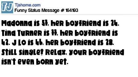 X says Madonna is 57, her boyfriend is 24. Tina Turner is 77, her boyfriend is 42. J Lo is 46, her boyfriend is 28. Still single? Relax, your boyfriend isn't even born yet.
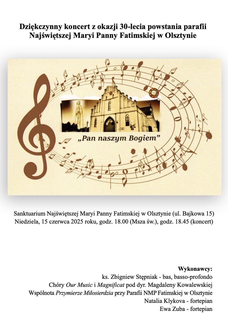 Sanktuarium Najświętszej Maryi Panny Fatimskiej w Olsztynie (ul. Bajkowa 15) zaprasza na Dziękczynny koncert z okazji 30-lecia powstania Parafii który odbędzie w Niedzielę 15 czerwca 2025 r. godz. 18.00 Msza Święta, godz. 18.45 Koncert
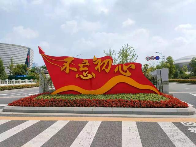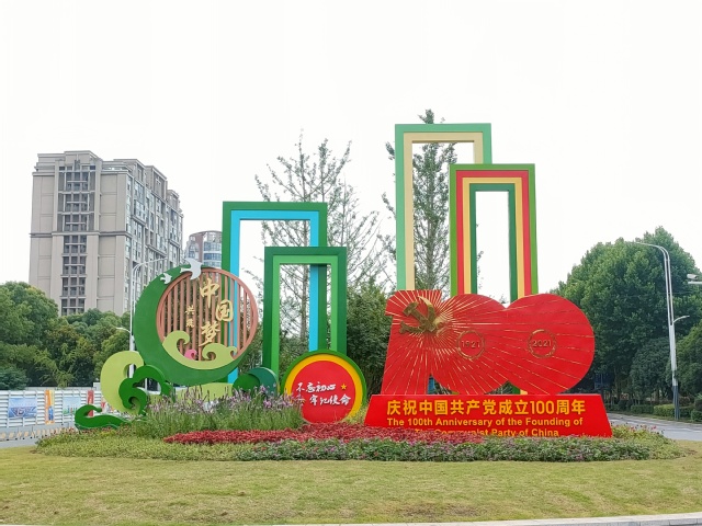 不忘初心來時(shí)路,同心共筑中國夢。位于建鄴區(qū)夢都大街揚(yáng)子江大道路口高7米,占地面積100余平方米的主題景觀,在綠地基礎(chǔ)上突顯了“慶祝中國共產(chǎn)黨成立100周年”活動標(biāo)識等黨建元素;中國傳統(tǒng)紋樣圖案、彩色立體門框的設(shè)計(jì),賦予整件作品立足傳統(tǒng)、開放包容的內(nèi)涵;蛇鞭菊、斑葉芒、彩葉草、夏堇等各式花卉錯落有致的鋪滿地面,烘托了喜迎建黨百年的喜慶氛圍。
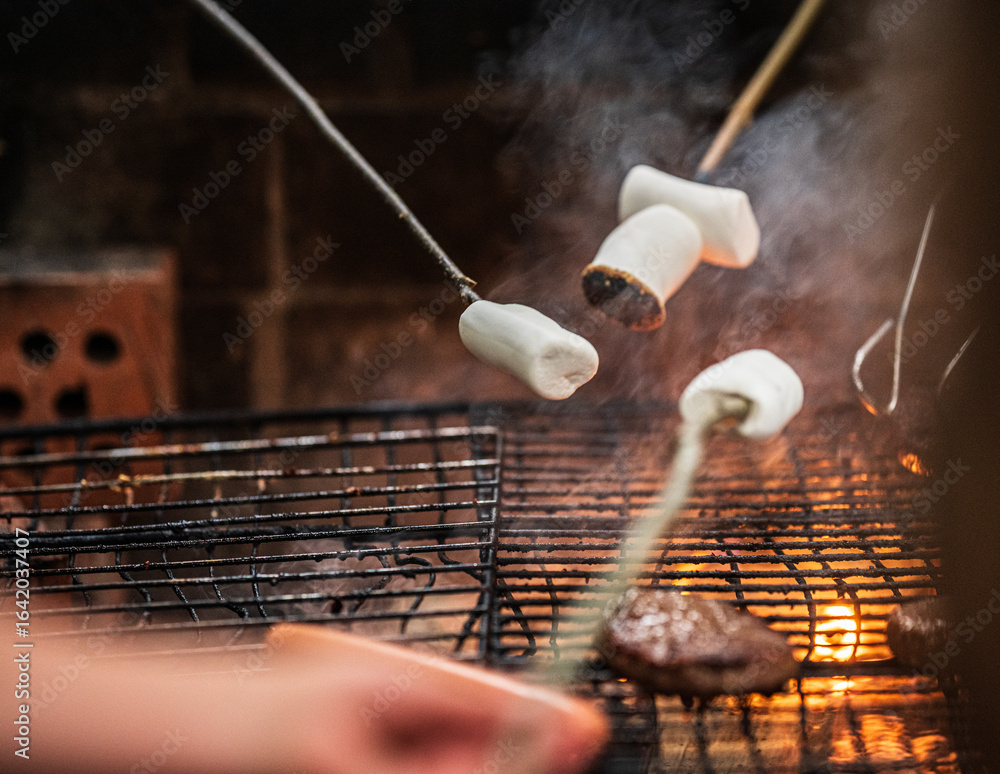 Marshmallows roasting on open flame grill.
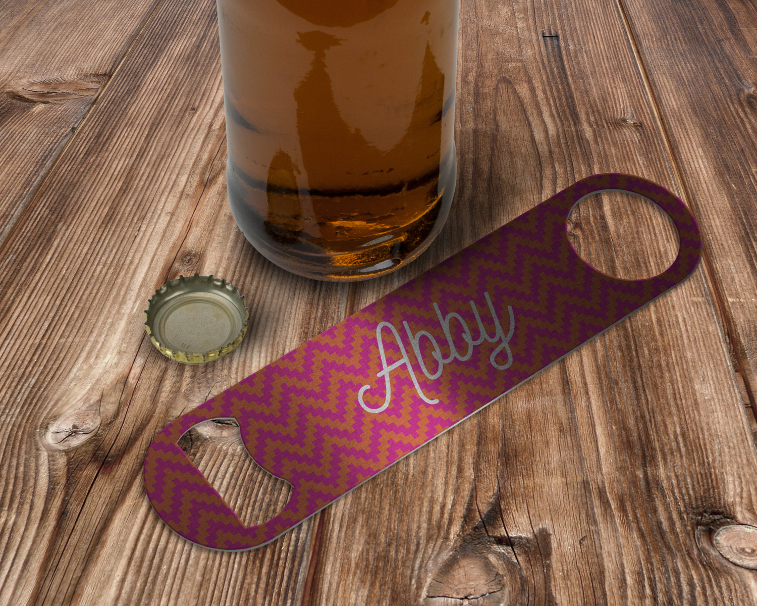 Stop struggling with the caps or your bottled beverages by purchasing one of our personalized bottle openers! These wrench-like custom bar blades are built to last. Customize one for your home's bar, or as a practical gift for a loved one!
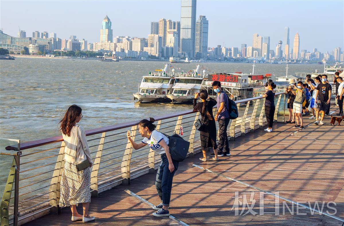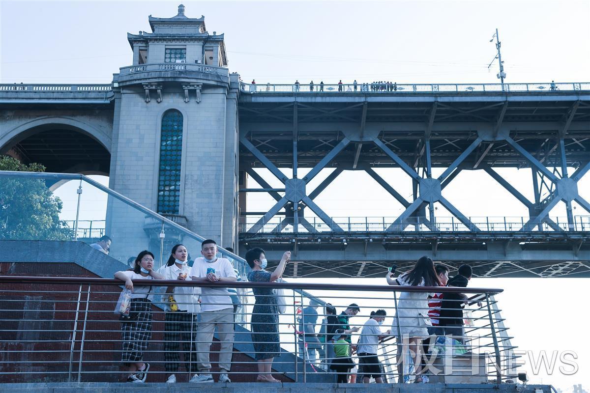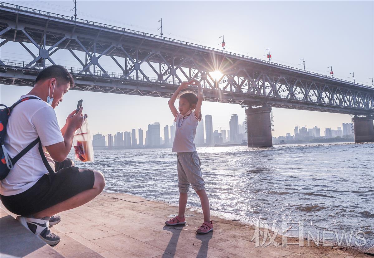 在武昌长江汉阳门码头,不少市民游客欣赏、拍照江上夕阳好风光:“一道残阳铺水中,半江瑟瑟半江红”。
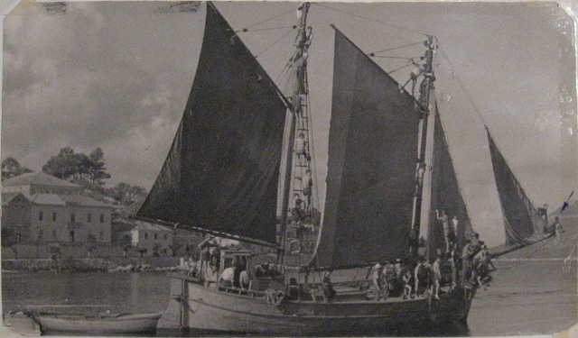 evo jedna fotka trabakula Mali Matij, i to di “nastupa” u filmu Crni biseri, snimanom na Badiji i u Korčuli 1958. godine.
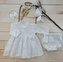 Mušelínové šatičky s Madeira vyšívkou + kalhotky a čelenka 3D, bílé, vel. 68; 68 (3-6m)
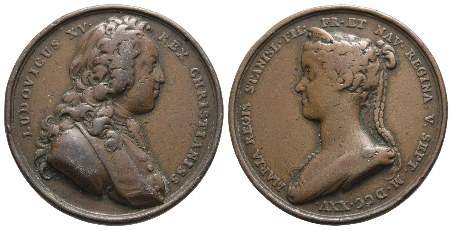 Designs by J. Duvivier. LUDOVICUS XV. REX CHRISTIANISS., draped bust to right, DU VIVIER in small lettering on truncation / MARIA REGIS STANISL. FIL. FR. ET NAV. REGINA. V. SEPT. M.DCC.XXV., draped bust to left; DU VIVIER in small lettering on truncation. 31.59, 41mm, 12h.
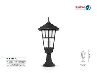 ویژگی‌های چراغ وندا: بدنه محکم از جنس آلومینیوم دایکست حباب نیمه شفاف PMMA مقاوم در برابر UV دارای سرپیچ استاندارد سرامیکی رنگ پودری الکترواستاتیک (مقاوم در برابر UV) آب بندی مناسب در فضای بیرون سهولت در نصب و نگهداری بازدهی عالی نور
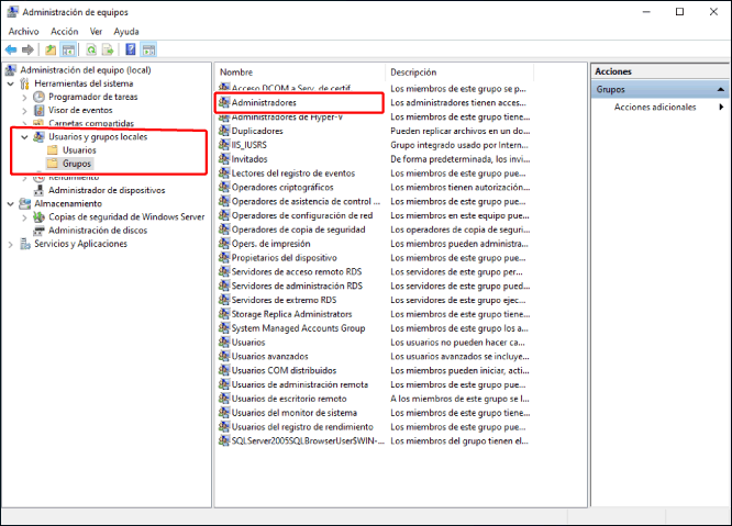 En [Usuarios y grupos locales] > [Grupos], y haga doble clic en [Administradores].
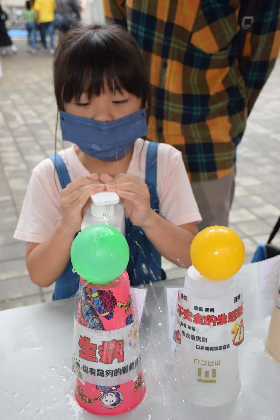 現場人氣最高的「打敗怪物」關卡,邀請孩子以水槍擊退象徵成長阻礙的小怪物,包括貧窮、飢餓、疾病、霸凌、毒品、網路等,讓孩子在遊戲中建立保護意識,每位孩子都噴的不亦樂乎。
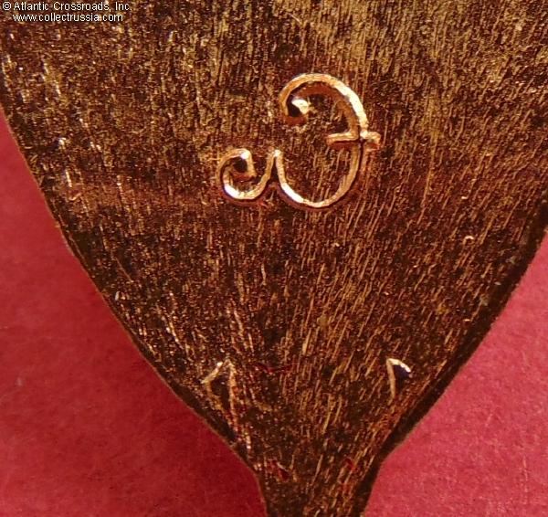 Aluminum, paint, lacquer, 43.1 x 21.4 mm. The reverse shows raised stylized letters ЛЭ ("LE"), the late-Soviet era logo of the Lenemalyer Factory in Leningrad. In excellent condition.
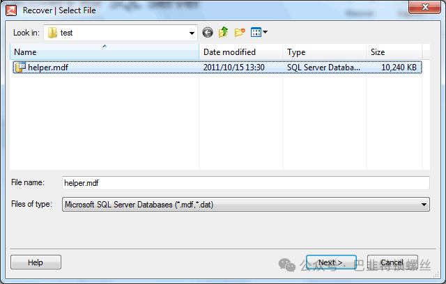 2. 點擊菜單中的 File > Recover,選擇要恢復(fù)的數(shù)據(jù)庫的數(shù)據(jù)文件(.mdf)

______

Try it:
Give again the stretch of the entries above that begins at the line with "Marshmallows roasting on open flame grill." and ends at the line with "evo jedna fotka", word for word, with no pictures.

Answer box:
 Marshmallows roasting on open flame grill.
 Stop struggling with the caps or your bottled beverages by purchasing one of our personalized bottle openers! These wrench-like custom bar blades are built to last. Customize one for your home's bar, or as a practical gift for a loved one!
 在武昌长江汉阳门码头,不少市民游客欣赏、拍照江上夕阳好风光:“一道残阳铺水中,半江瑟瑟半江红”。
 evo jedna fotka trabakula Mali Matij, i to di “nastupa” u filmu Crni biseri, snimanom na Badiji i u Korčuli 1958. godine.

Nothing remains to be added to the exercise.